The epidemiology of progressive multifocal leukoencephalopathy (PML) has evolved in recent years. Until the availability of natalizumab, PML was seen primarily by physicians who treated patients with human immunodeficiency virus (HIV) infection. This situation changed in 2005 when PML was first associated with natalizumab therapy in patients with multiple sclerosis (MS). This discovery focused attention and investigative resources on the relationship between PML and natalizumab, and subsequently on other biologically based therapies. In the years since, we have learned about the pathogenesis of PML and developed concepts of risk mitigation.

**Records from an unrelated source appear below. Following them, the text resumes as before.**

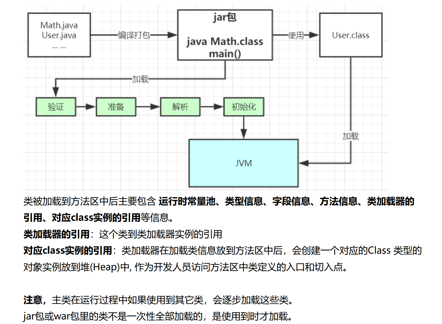 加载:在硬盘上查找并通过IO读入字节码文件,使用到类时才会加载,例如调用类的 main()方法,new对象等等,在加载阶段会在内存中生成一个代表这个类的 java.lang.Class对象,作为方法区这个类的各种数据的访问入口
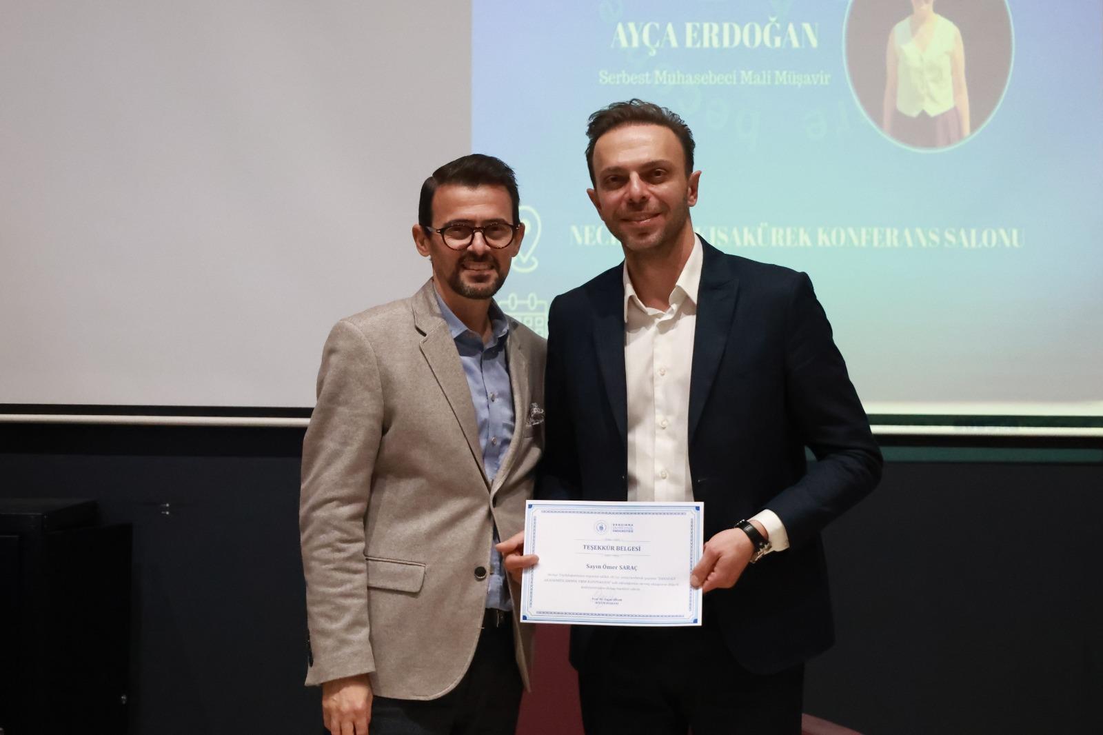 Konferansta YMM ve SMMM mesleklerinin günümüzdeki konumu, mesleğe giriş süreçleri, sahada karşılaşılan uygulamalar, kariyer planlaması ve mesleğin geleceğine ilişkin güncel değerlendirmeler kapsamlı bir şekilde ele alındı. Panelistler, meslek hayatında edindikleri tecrübeleri somut örnekler üzerinden aktararak öğrencilerin teorik bilgilerini pratik bakış açısıyla pekiştirmelerine katkı sağladı.
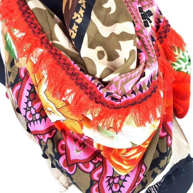 S_2539005 - TRIANGLE SCARF MULTI BRUSH ORANGE FLOWERS & TIGER (1st)
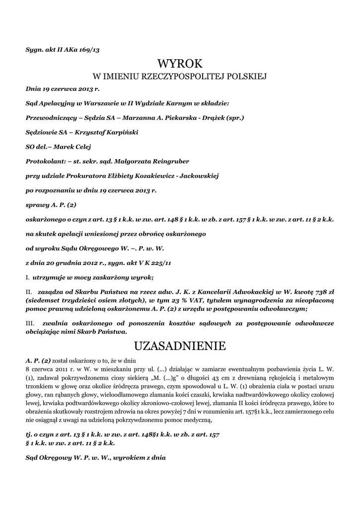 Sygn. akt II AKa 169/13 WYROK W IMIENIU RZECZYPOSPOLITEJ POLSKIEJ Dnia 19 czerwca 2013 r. Sąd Apelacyjny w Warszawie w II Wydziale Karnym w składzie: Przewodniczący – Sędzia SA – Marzanna A. Piekarska - Drążek (spr.) Sędziowie SA – Krzysztof Karpiński SO del.– Marek Celej Protokolant: – st. sekr. sąd. Małgorzata Reingruber przy udziale Prokuratora Elżbiety Kozakiewicz - Jackowskiej po rozpoznaniu w dniu 19 czerwca 2013 r. sprawy A. P. (2) oskarżonego o czyn z art. 13 § 1 k.k. w zw. art. 148 § 1 k.k. w zb. z art. 157 § 1 k.k. w zw. z art. 11 § 2 k.k. na skutek apelacji wniesionej przez obrońcę oskarżonego od wyroku Sądu Okręgowego W. –. P. w. W. z dnia 20 grudnia 2012 r., sygn. akt V K 225/11 I. utrzymuje w mocy zaskarżony wyrok; II. zasądza od Skarbu Państwa na rzecz adw. J. K. z Kancelarii Adwokackiej w W. kwotę 738 zł (siedemset trzydzieści osiem złotych), w tym 23 % VAT, tytułem wynagrodzenia za nieopłaconą pomoc prawną udzieloną oskarżonemu A. P. (2) z urzędu w postępowaniu odwoławczym; III. zwalnia oskarżonego od ponoszenia kosztów sądowych za postępowanie odwoławcze obciążając nimi Skarb Państwa. UZASADNIENIE A. P. (2) został oskarżony o to, że w dniu 8 czerwca 2011 r. w W. w mieszkaniu przy ul. (...) działając w zamiarze ewentualnym pozbawienia życia L. W. (1), zadawał pokrzywdzonemu ciosy siekierą „M. (...)g” o długości 43 cm z drewnianą rękojeścią i metalowym trzonkiem w głowę oraz okolice śródręcza prawego, czym spowodował u L. W. (1) obrażenia ciała w postaci urazu głowy, ran rąbanych głowy, wieloodłamowego złamania kości czaszki, krwiaka nadtwardówkowego okolicy czołowej lewej, krwiaka podtwardówkowego okolicy skroniowo-czołowej lewej, złamania II kości śródręcza prawego, które to obrażenia skutkowały rozstrojem zdrowia na okres powyżej 7 dni w rozumieniu art. 157§1 k.k., lecz zamierzonego celu nie osiągnął z uwagi na udzieloną pokrzywdzonemu pomoc medyczną, tj. o czyn z art. 13 § 1 k.k. w zw. z art. 148§1 k.k. w zb. z art. 157 § 1 k.k. w zw. z art. 11 § 2 k.k. Sąd Okręgowy W. P. w. W., wyrokiem z dnia 20 grudnia 2012 r. orzekł: I. A. P. (2) uznał za winnego tego, że w dniu 08 czerwca 2011 roku w mieszkaniu nr (...) przy ul. (...) w W., działając w zamiarze ewentualnym pozbawienia życia L. W. (1), zadał L. W. (1) przy użyciu siekiery nieustaloną liczbę ciosów w głowę oraz okolicę prawego śródręcza, czym spowodował u L. W. (1) obrażenia ciała w postaci urazu głowy, ran rąbanych głowy, wieloodłamowego złamania kości czaszki - złamania łuski kości skroniowej prawej, przedniej ściany zatoki czołowej prawej z wgłobieniem odłamów, przedniej i tylnej ściany zatoki czołowej lewej, przedniej ściany lewego oczodołu, kości nosowych z przemieszczeniem odłamów, a także krwiaka nadtwardówkowego okolicy czołowej lewej, krwiaka podtwardówkowego okolicy skroniowo-czołowej lewej oraz złamania II kości śródręcza prawego, które to obrażenia skutkowały rozstrojem zdrowia pokrzywdzonego na okres powyżej 7 dni w rozumieniu art. 157§1 k.k., lecz zamierzonego celu nie osiągnął z uwagi na udzieloną pokrzywdzonemu pomoc medyczną, co wyczerpuje dyspozycję art. 13§1 k.k. w zw. z art. 148§1 k.k. w zb. z art. .157§1 k.k. w zw. z art. 11 §2 k.k. i za przypisany czyn na podstawie art. 13§1 k.k. w zw. z art. 148§1 k.k. w zb. z art. 157§1 k.k. w zw. z art. 11 § 2 k.k. skazał, a na podstawie art. 14 § 1 k.k. w zw. z art. 148 § 1 k.k. w zw. z art. 11 § 3 k.k. wymierzył A. P. (2) karę 9 (dziewięciu) lat pozbawienia wolności; II. Na podstawie art. 63 § 1 k.k. na poczet orzeczonej kary pozbawienia wolności zaliczył oskarżonemu okres rzeczywistego pozbawienia wolności w sprawie od dnia 08 czerwca 2011 roku do dnia 20 grudnia 2012 roku; III. Na podstawie art. 44 § 2 k.k. orzekł przepadek dowodu rzeczowego w postaci siekiery, opisanego w wykazie dowodów rzeczowych na k. 380 pod poz. 1 (Drz. j (...)); IV. Zasądził od Skarbu Państwa na rzecz adw. J. (...) Kancelaria Adwokacka ul. (...) (...)(...) kwotę 1.992,60 złotych (jeden tysiąc dziewięćset dziewięćdziesiąt dwa złote sześćdziesiąt groszy) w tym kwotę 372,60 złotych (trzysta siedemdziesiąt dwa złote sześćdziesiąt groszy) podatku VAT tytułem udziału w sprawie obrońcy z urzędu; V. Na podstawie art 624§1 k.p.k. zwolnił oskarżonego w całości od zapłaty na rzecz Skarbu Państwa kosztów sądowych. Ponadto zwolnił oskarżonego w całości od kosztów sądowych i zasądził wynagrodzenie od Skarbu Państwa na rzecz obrońcy z urzędu. Apelację od powyższego wyroku wniósł obrońca oskarżonego, który zaskarżył orzeczenie w całości, na korzyść A. P. (2). Na podstawie art. 438 pkt 2 k.p.k. zarzucił obrazę przepisów postępowania karnego, mającą wpływ na treść rozstrzygnięcia, tj.: 1. art. 7 k.p.k. w zw. z art. 424 § 1 pkt 1 k.p.k. - poprzez dowolną ocenę dowodu w postaci wyjaśnień A. P. (2), wyrażającą się w uznaniu za wiarygodne wyłącznie tych wypowiedzi oskarżonego, w których potwierdza on ustalony stan faktyczny, z jednoczesnym brakiem dostatecznego wyjaśnienia, z jakiego powodu niewiarygodna jest wersja zdarzeń podana przez niego na dalszym etapie postępowania karnego, co doprowadziło do wadliwych ustaleń faktycznych co do przebiegu zdarzenia z 8 czerwca 2011 r., 2. art. 7 k.p.k. w zw. z art. 410 k.p.k. w zw. z art. 424 § 1 pkt 1 k.p.k. - poprzez pominięcie w uzasadnieniu skarżonego orzeczenia analizy tego fragmentu wyjaśnień oskarżonego, w którym wskazał, że Ł. D. (1) w trakcie zdarzenia co najmniej raz uderzył pokrzywdzonego (s. 3 protokołu rozprawy z 3 kwietnia 2012 r.), co rodzi wątpliwość w zakresie prawidłowości ustaleń, odnoszących się do udziału poszczególnych uczestników zdarzenia z 8 czerwca 2011 r., 3. art. 7 k.p.k. w zw. z art. 410 k.p.k. w zw. z art. 424 § 1 pkt 1 k.p.k

Increasingly selective, potent, and innovative biologically based immune-based therapeutics have led to enhanced therapeutic options, but also to more surprises, with PML being observed in unexpected patient populations. The MS community and clinicians who routinely use biologic therapies are alert to this disease and its implications for patients. PML remains rare enough, however, that community-based clinicians may be less attuned to the impact and risks of these therapies.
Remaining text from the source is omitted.